• TASK DESCRIPTION:
Return the records exactly as they stand, and keep the pictures out of the copy.

• THE DATA:
Start of Block

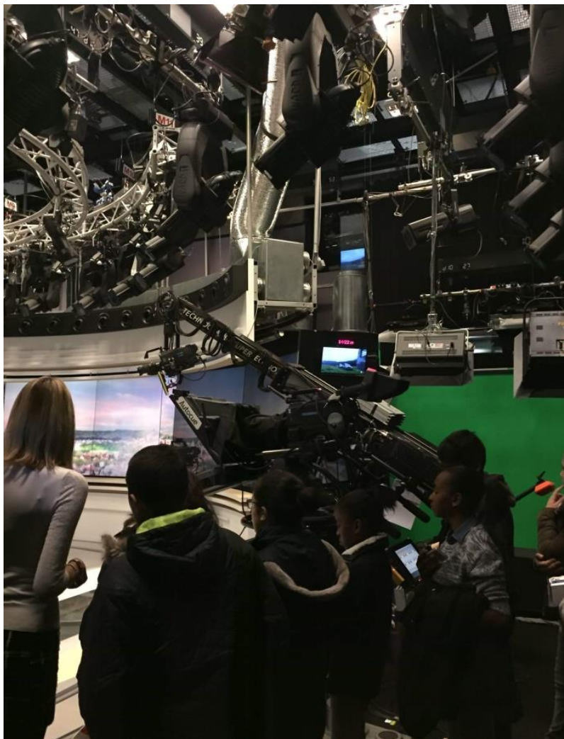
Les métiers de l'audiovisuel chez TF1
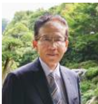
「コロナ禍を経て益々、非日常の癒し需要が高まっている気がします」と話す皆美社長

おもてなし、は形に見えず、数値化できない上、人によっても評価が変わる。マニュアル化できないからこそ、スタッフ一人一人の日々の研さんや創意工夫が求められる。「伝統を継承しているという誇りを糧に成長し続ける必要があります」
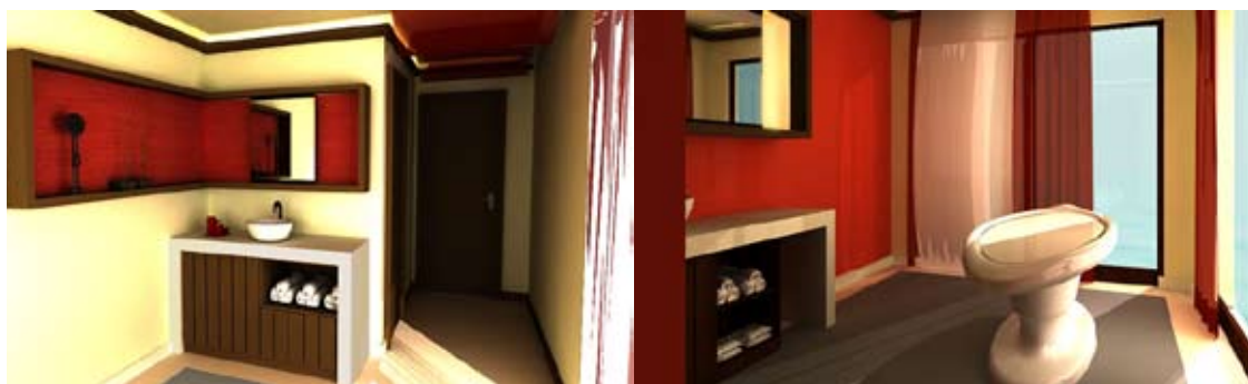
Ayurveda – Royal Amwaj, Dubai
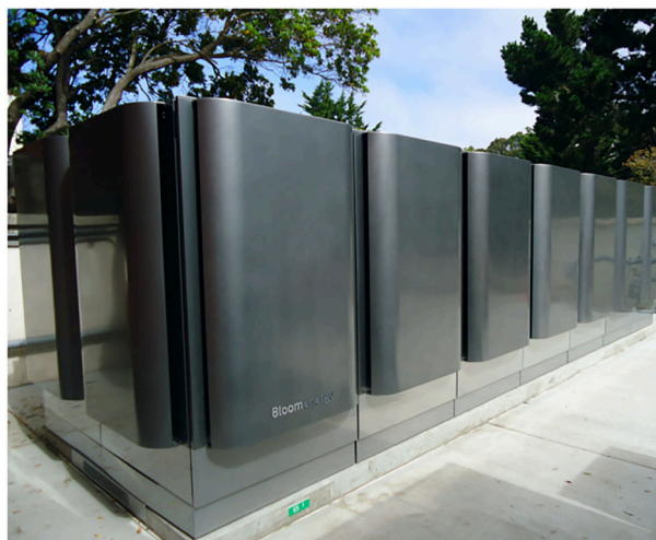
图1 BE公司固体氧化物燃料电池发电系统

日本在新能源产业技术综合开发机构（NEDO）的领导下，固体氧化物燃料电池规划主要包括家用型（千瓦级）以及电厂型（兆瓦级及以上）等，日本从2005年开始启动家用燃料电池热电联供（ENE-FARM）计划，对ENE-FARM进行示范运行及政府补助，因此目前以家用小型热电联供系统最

End of Block

• RESPONSE FOR THIS EXERCISE:
Les métiers de l'audiovisuel chez TF1
「コロナ禍を経て益々、非日常の癒し需要が高まっている気がします」と話す皆美社長

おもてなし、は形に見えず、数値化できない上、人によっても評価が変わる。マニュアル化できないからこそ、スタッフ一人一人の日々の研さんや創意工夫が求められる。「伝統を継承しているという誇りを糧に成長し続ける必要があります」
Ayurveda – Royal Amwaj, Dubai
图1 BE公司固体氧化物燃料电池发电系统

日本在新能源产业技术综合开发机构（NEDO）的领导下，固体氧化物燃料电池规划主要包括家用型（千瓦级）以及电厂型（兆瓦级及以上）等，日本从2005年开始启动家用燃料电池热电联供（ENE-FARM）计划，对ENE-FARM进行示范运行及政府补助，因此目前以家用小型热电联供系统最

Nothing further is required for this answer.